- _Stored data_:
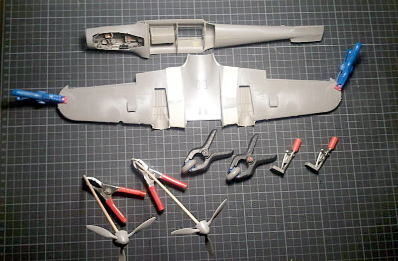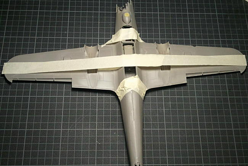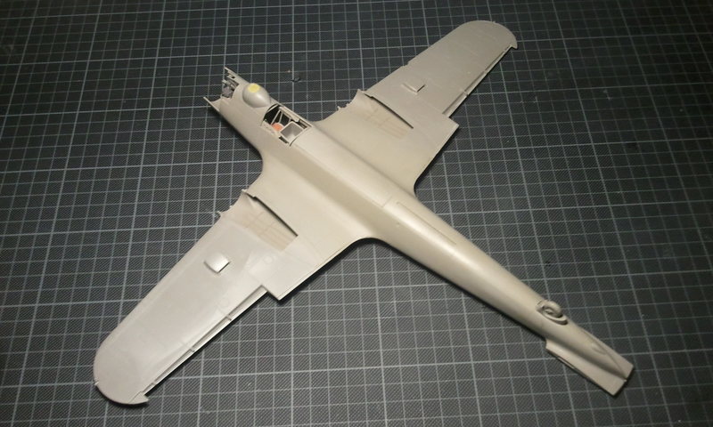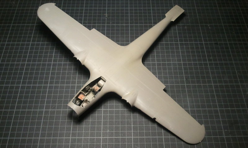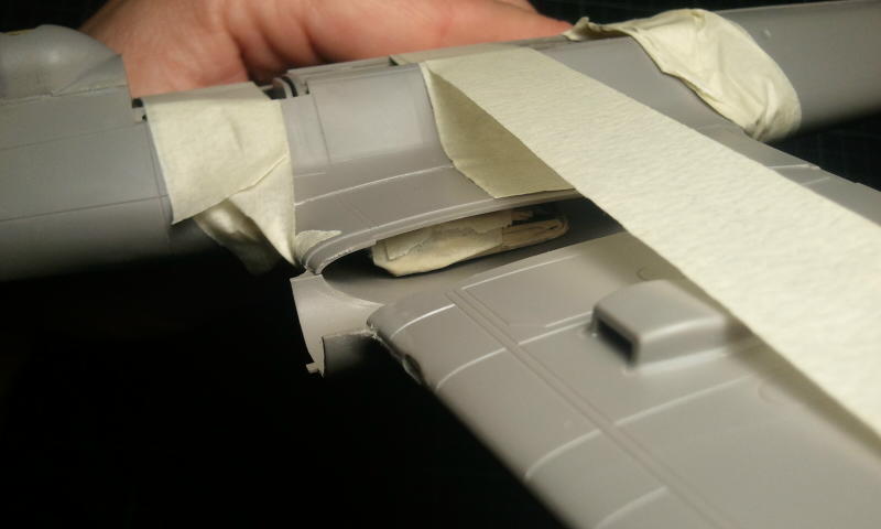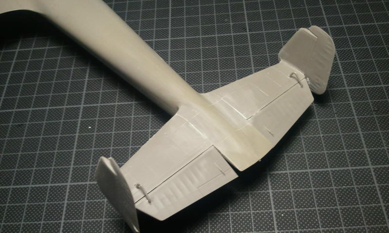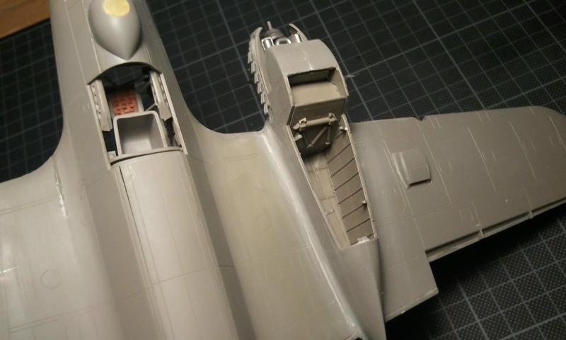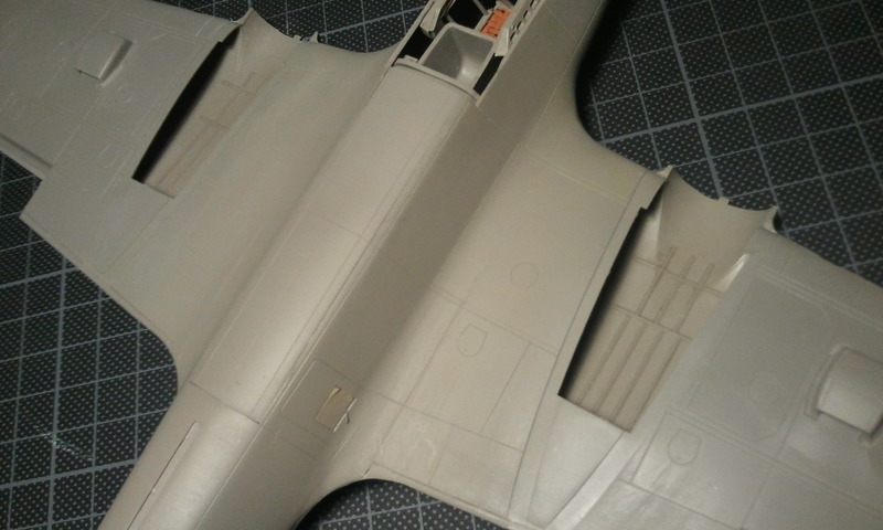 Trotz der guten Qualität des Bausatzes und viel Trockenpassung gibt es - vermutlich verursacht durch meine Ungeschicklichkeit - viel zu Verspachteln, insbesondere der obere Rumpf-Flügelübergang hinter der Kabinenhaube wollte einfach nicht passen, so dass eine große Stufe zu beseitigen ist. Mit Sekundenkleber und Beschleuniger-Spray ist das aber in einer Sitzung erledigt. Wo die Klebestellen auf Blechstöße treffen, verwende ich gern Symprop Schnellspachtel, der sich mit Gunze-Acryl-Verdünnung zu jeder gewünschte Konsistenz verdünnen lässt und ein Füllen bei gleichzeitigem Erhalt der Gravur ermöglicht.
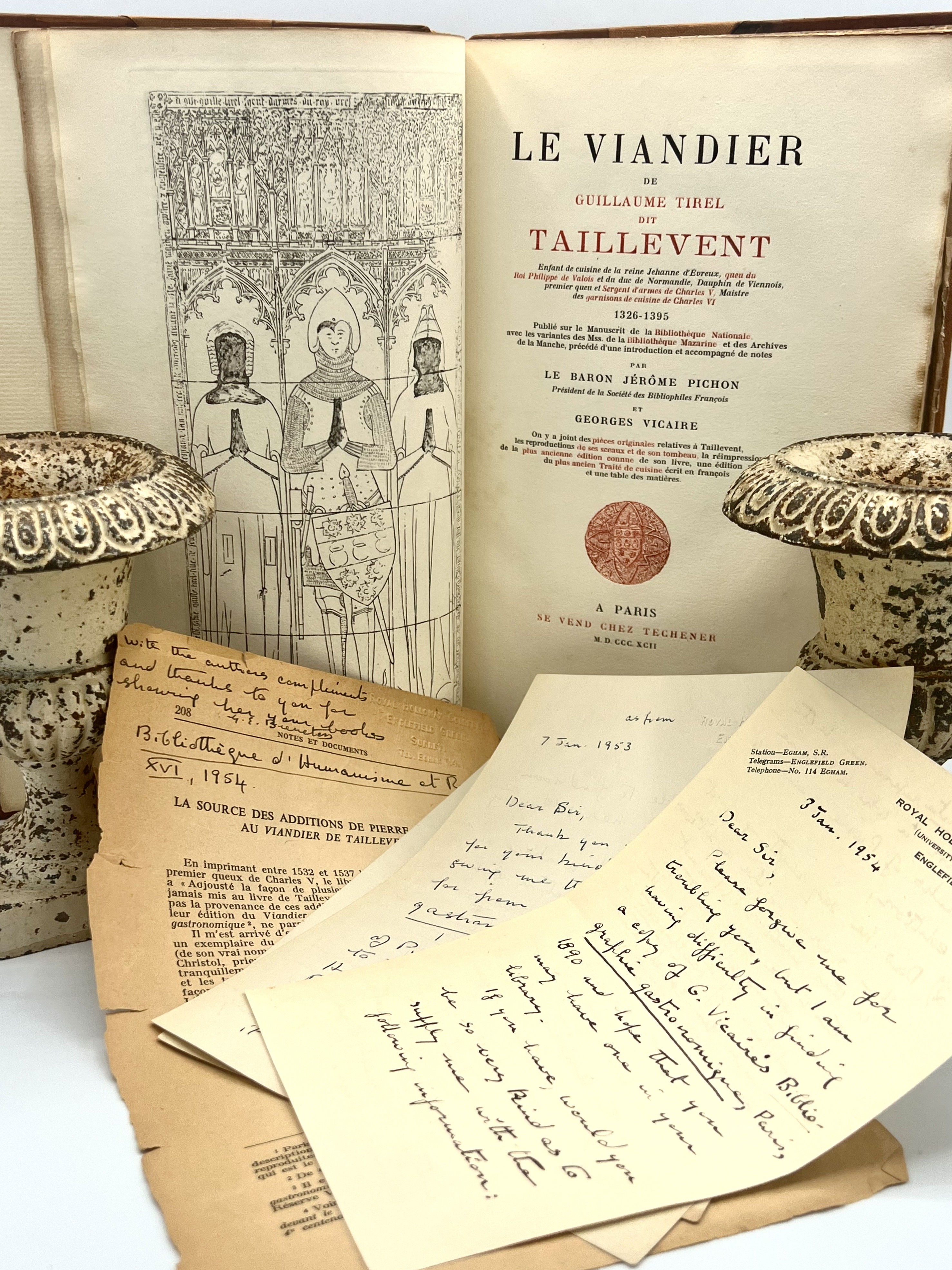 Handwritten letters from Georgina E. Brereton, medieval French scholar, to André Simon, bibliophile, wine connoisseur, historian and writer, seek details from a specific copy of G. Vicaire's Bibliographic Gastronomique, 1890, Simon held in his library. As Brereton was then teaching at the Royal Holloway College, we can assume that it was a well known fact that Simon had one of the best gastronomy libraries in London, and felt comfortable reaching out to a fellow scholar. Because the original Le Viander is believed to have been compiled in the late 14th century with additional manuscript copies and printed editions produced throughout the 15th and 16th centuries, there is speculation that some phrases and recipes have been both added and left out over the years. In Brereton's first letter she asks about the source of some of these additions, stating she had found additional sources herself. In the second letter, dated two days later, she thanks him for the information she requested and goes on to explain how she had found, by accident, some additional information while researching other material. Also laid in is an annotated leaf of a bibliography featuring two of the books Georgine E. Brereton had edited. Letters and leaf are all embossed with the Royal Holloway College's address.
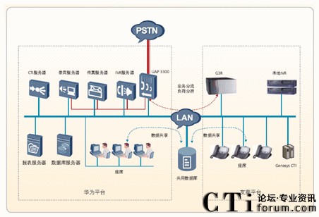 客戶電話通過(guò)PSTN統(tǒng)一由華為UAP3300排隊(duì)機(jī)接入,由華為平臺(tái)的IVR服務(wù)器進(jìn)行業(yè)務(wù)導(dǎo)航分流,根據(jù)用戶的選擇和IVR流程的配置進(jìn)行路由,可以選擇不同平臺(tái)來(lái)處理此業(yè)務(wù)。來(lái)話根據(jù)IVR流程路由后,兩個(gè)平臺(tái)采用負(fù)荷分擔(dān)方式進(jìn)行工作。在將來(lái)話導(dǎo)入兩個(gè)平臺(tái)后,采用不同設(shè)備的IVR進(jìn)行業(yè)務(wù)分配,不同平臺(tái)的座席處理不同的業(yè)務(wù)。在處理過(guò)程中,不同平臺(tái)的座席之間可以互轉(zhuǎn),達(dá)到全網(wǎng)資源共享的功能。
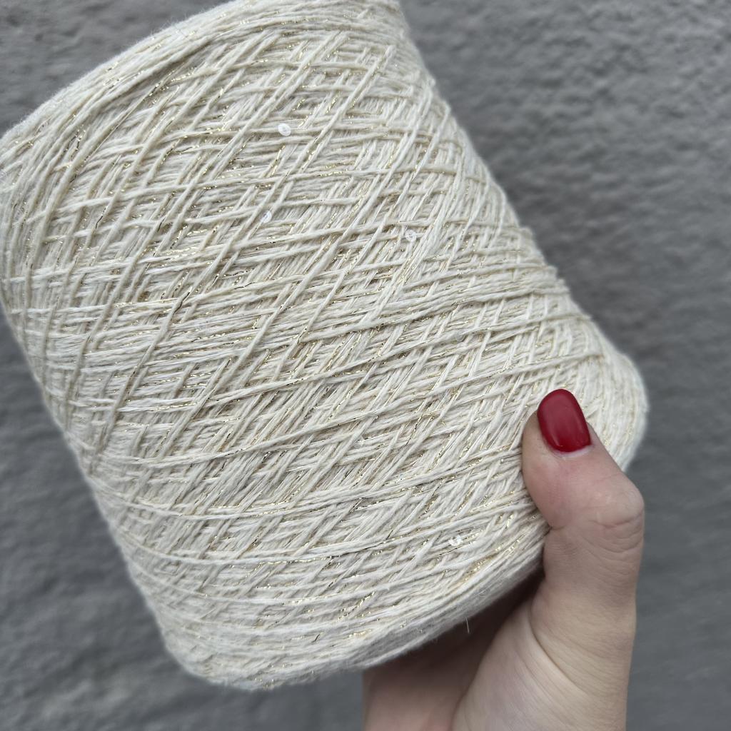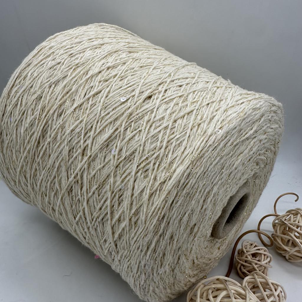 Пряжа в бобинах Susanna 5200 молочный пайетки + люрекс золото. Цена указана за 10гр

- _Work order_: Quote the data exactly, leaving every image out of the copy.

- _Task solution_:
 Trotz der guten Qualität des Bausatzes und viel Trockenpassung gibt es - vermutlich verursacht durch meine Ungeschicklichkeit - viel zu Verspachteln, insbesondere der obere Rumpf-Flügelübergang hinter der Kabinenhaube wollte einfach nicht passen, so dass eine große Stufe zu beseitigen ist. Mit Sekundenkleber und Beschleuniger-Spray ist das aber in einer Sitzung erledigt. Wo die Klebestellen auf Blechstöße treffen, verwende ich gern Symprop Schnellspachtel, der sich mit Gunze-Acryl-Verdünnung zu jeder gewünschte Konsistenz verdünnen lässt und ein Füllen bei gleichzeitigem Erhalt der Gravur ermöglicht.
 Handwritten letters from Georgina E. Brereton, medieval French scholar, to André Simon, bibliophile, wine connoisseur, historian and writer, seek details from a specific copy of G. Vicaire's Bibliographic Gastronomique, 1890, Simon held in his library. As Brereton was then teaching at the Royal Holloway College, we can assume that it was a well known fact that Simon had one of the best gastronomy libraries in London, and felt comfortable reaching out to a fellow scholar. Because the original Le Viander is believed to have been compiled in the late 14th century with additional manuscript copies and printed editions produced throughout the 15th and 16th centuries, there is speculation that some phrases and recipes have been both added and left out over the years. In Brereton's first letter she asks about the source of some of these additions, stating she had found additional sources herself. In the second letter, dated two days later, she thanks him for the information she requested and goes on to explain how she had found, by accident, some additional information while researching other material. Also laid in is an annotated leaf of a bibliography featuring two of the books Georgine E. Brereton had edited. Letters and leaf are all embossed with the Royal Holloway College's address.
 客戶電話通過(guò)PSTN統(tǒng)一由華為UAP3300排隊(duì)機(jī)接入,由華為平臺(tái)的IVR服務(wù)器進(jìn)行業(yè)務(wù)導(dǎo)航分流,根據(jù)用戶的選擇和IVR流程的配置進(jìn)行路由,可以選擇不同平臺(tái)來(lái)處理此業(yè)務(wù)。來(lái)話根據(jù)IVR流程路由后,兩個(gè)平臺(tái)采用負(fù)荷分擔(dān)方式進(jìn)行工作。在將來(lái)話導(dǎo)入兩個(gè)平臺(tái)后,采用不同設(shè)備的IVR進(jìn)行業(yè)務(wù)分配,不同平臺(tái)的座席處理不同的業(yè)務(wù)。在處理過(guò)程中,不同平臺(tái)的座席之間可以互轉(zhuǎn),達(dá)到全網(wǎng)資源共享的功能。
 Пряжа в бобинах Susanna 5200 молочный пайетки + люрекс золото. Цена указана за 10гр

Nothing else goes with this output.